Ecological Genetics of Geographic Adaptation in Plant Populations
Douglas W. Schemske,
Department of Plant Biology, Michigan State University, East Lansing, MI 48824
Understanding the ecological and genetic mechanisms of adaptation remains one of the
central goals of evolutionary biology. What is the extent of geographic adaptation? What
traits contribute to adaptive differentiation? What is the genetic basis of adaptive traits?
How many traits and genes are required for major adaptations? Is geographic adaptation
an important first step in the origin of species?
Studies of geographic adaptation in plants have long provided some of our best examples
of adaptive evolution. I will discuss three research projects that illustrate different
approaches to the study of plant adaptation. Experimental studies of hybrids between the
perennial plant Lobelia cardinalis collected from Michigan and its close relative L.
graminea collected from Panama reveal that rosette production is a major factor
contributing to winter survival in Michigan. A genetic mapping study found that a single,
major QTL controlled rosette production, and a field study of experimental evolution
indicated that plants homozygous for the Michigan allele at the rosette QTL had much
higher survival than the heterozygous genotype.
We are in the early stages of investigating the ecological genetics of geographic
adaptation in natural populations of the model plant Arabidopsis thaliana.
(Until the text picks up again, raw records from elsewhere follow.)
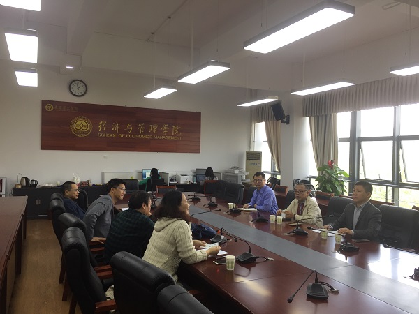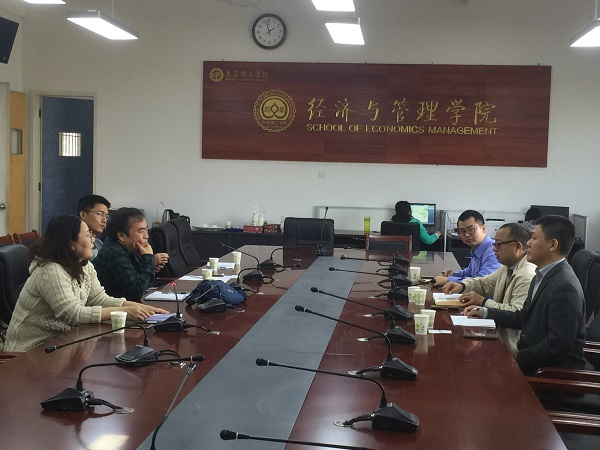 刘继云对王争光的到来表示了热烈的欢迎,和杨继学、刘伟一起介绍了经济与管理学院的师资队伍建设、近年来的科研成果、服务社会的工作情况,王争光表达了东莞市工商行政管理局未来和经济管理学院合作的意向,希望能将经管学院的科研力量与东莞市工商行政管理局的市场管理工作有机结合起来,对东莞市的市场主体发展情况进行梳理和总结,以便给各镇街提供更好的参考与服务价值,更好地指导未来的工作。刘继云对双方的合作表达了期待,并认为这种合作对双方来讲是资源整合、优势互补的良好模式。
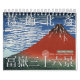 冨 嶽 三 六 (Trente-six vues du Mont Fuji) a été créé par 葛 (Katsushika Hokusai) [1760-1849], un artiste ukiyoe qui a utilisé le Mont Fuji comme sujet de discussion. Il s'agit d'une collection de coupes de bois paysannes qui express de façon frappante la vie et les coutumes. Ce calendrier présente 12 images soigneusement sélectionnées de la collection. note : Les images sont du domaine public, corrigées en couleur et utilisées.
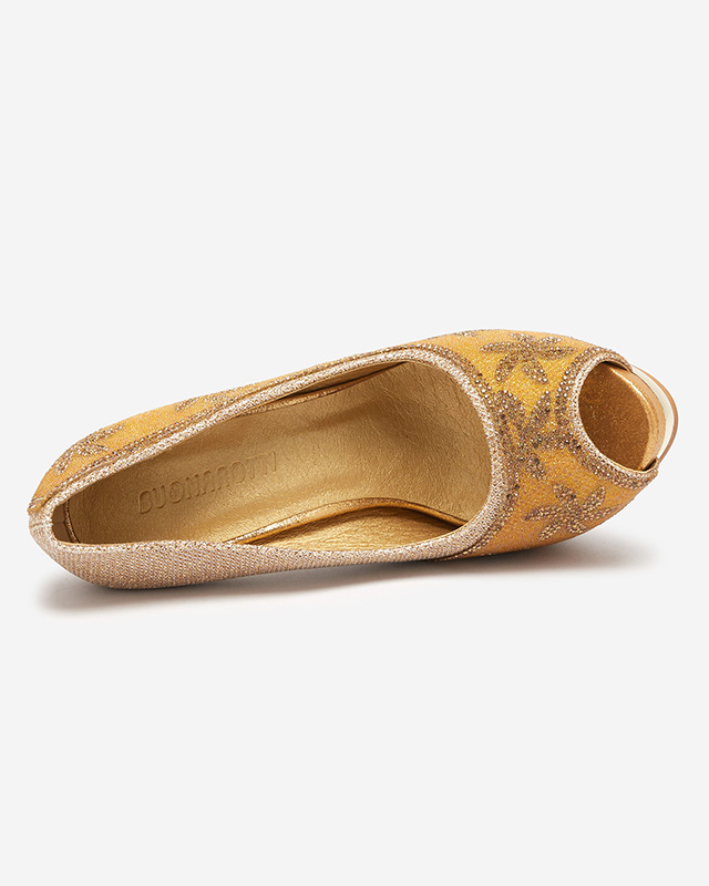 Kuldbrokaadist naiste kõrged kontsad tsirkooniumoksiidiga Yilla - Jalatsid
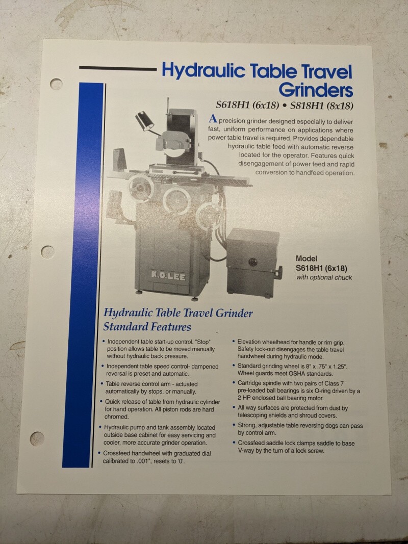 K.O. Lee Tool Sales Brochure Specs Features Hydraulic Grinder S618H1 S818H1 1995
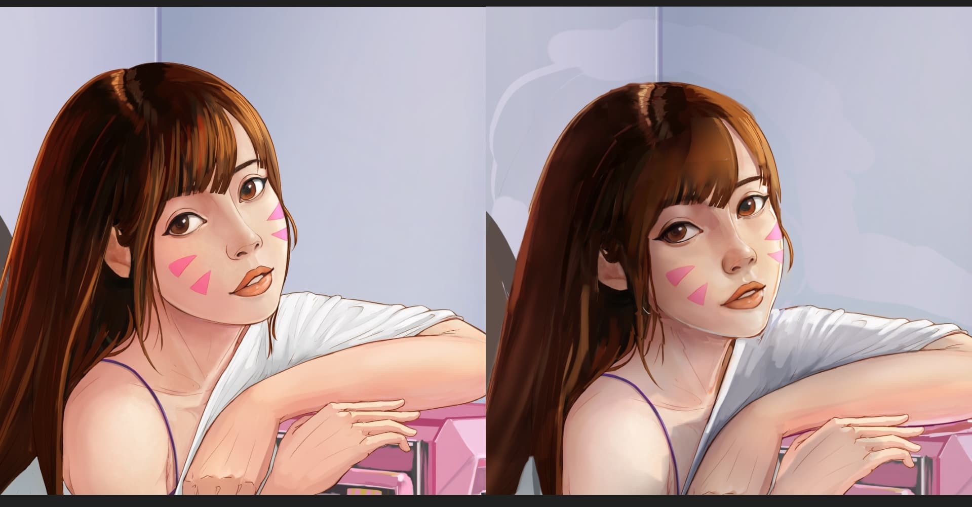 Thank you, I did bring both into a more familiar perspective. D.va has her head rotation changed and with Vi, I made the decision to change the perspective after the first cut to the chin.
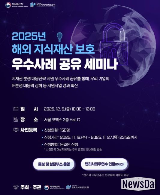 뉴스다 최광묵 기자 | 지식재산처는 12월 5일 10시 코엑스(서울시 강남구)에서 ‘2025년 해외 지식재산 보호 우수사례 공유 세미나’를 개최한다. 이번 행사는 2025 대한민국 지식재산대전의 일부 행사로 진행되며, 우리 기업이 해외 시장에서 자주 마주하는 지식재산 분쟁에 효과적으로 대응할 수 있게 실제 우수 사례와 대응 전략을 공유하는 자리로 마련됐다.

We find
evidence of striking geographic adaptation from reciprocal transplant experiments
conducted in Sweden and Italy. Laboratory studies are underway to investigate the
genetic basis of freezing tolerance and flowering time, and field experiments of
experimental evolution have identified major QTL for fitness.
Field and greenhouse studies of two closely related, Neotropical gingers (Costus spp.)
indicate that local adaptation to edaphic factors has played an important role in adaptation
and speciation. Costus allenii inhabits dense forest understory along streams while C.
viollosissimus is found along forest edge in full sun. The two species are easily crossed to
produce fully fertile F1 hybrids, yet their strong habitat preferences leads to a microallopatric distribution, thus preventing gene flow. Differences in drought tolerance and in
the timing of seed germination contribute to their spatial isolation. Field experiments with
F2 hybrids are in progress to investigate the ecological genetics of adaptation in this
system.
Taken tougher, these studies provide insight into the ecological and genetic mechanisms
of adaptation in natural plant populations. The findings thus far add to the growing
evidence that adaptation often involves genes of large effect, and that strong geographic
adaptation on a local scale may be sufficient to cause reproductive isolation.
Evolution in the Tropics: Dobzhansky revisited
Douglas W. Schemske
Department of Plant Biology, Michigan State University, East Lansing, MI 48824
A steep latitudinal gradient in species richness exists for most groups of organisms with
many more species observed in tropical regions. Explanations for this pattern focus
largely on historical factors or ecological mechanisms of coexistence and ignore
latitudinal differences in evolutionary processes that may contribute to the gradient. One
exception is Dobzhansky's classic paper "Evolution in the Tropics" (American Scientist.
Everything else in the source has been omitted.